OSDev.org

Posted: **Wed May 03, 2017 3:07 pm**

Hello all!

With AQUA 1.3, I'd like to have a proper file system. I am currently working on my own file system, and I'd like to know if this would be the correct way of doing thing. I'll exclude stuff that aren't important to the file system, like the sectors for language and swap partition. So here is an example, as I'm not good at explaining things. it has 9 sectors:

(start of partition)
1. This is a long text file that should continue for 512 bytes... (File1)
2. ...And it continues on to sector 2... (File1)
3. Here is another file.\0 (File2)
4. ... but wait! there's more!\0 (File1)
5. (any number of unused sectors between file allocation table and content)
6. 3\0 (sector 3)
7. File2\0directory1\0 (dir comes after filename)
8. 1-2,4\0 (from sector 1 to 2 and sector 4)
9. File1\0directory2\0 (max filename length is 512 - directory length chars)
(end of partition)

Note that when I write 3 or 1-2,4 the numbers don't stay in base 10.
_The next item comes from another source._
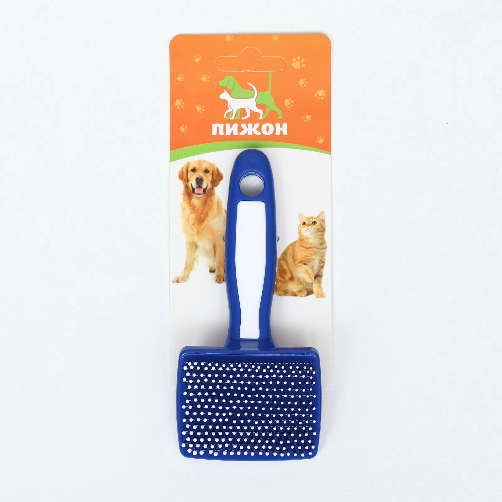 Пуходерка пластиковая мягкая с закругленными зубьями, малая, 6x13.5 см, бело-синяя, Пижон, Китай

Should this be a good way of "implementing" a file system into my OS?
Thanks in advance!

Posted: **Wed May 03, 2017 5:15 pm**

I have not implemented a file system yet, but this does not seem realistic to me. Some things that jump out at me (and I'm sure there are more to consider):

* how do you know the length of a file?
* how would you list a directory's contents?
* how would you find a free block?
* perhaps you want to write 16 blocks and want the to be contiguous for performance -- could you support best fit? or even first fit?
* what if you have a file at sectors 1, 4, 6, and 8 and sector 5 frees up... your file expands to another sector, where does it go?
* another way to look at the previous, how do you determine what the next sector for the file is?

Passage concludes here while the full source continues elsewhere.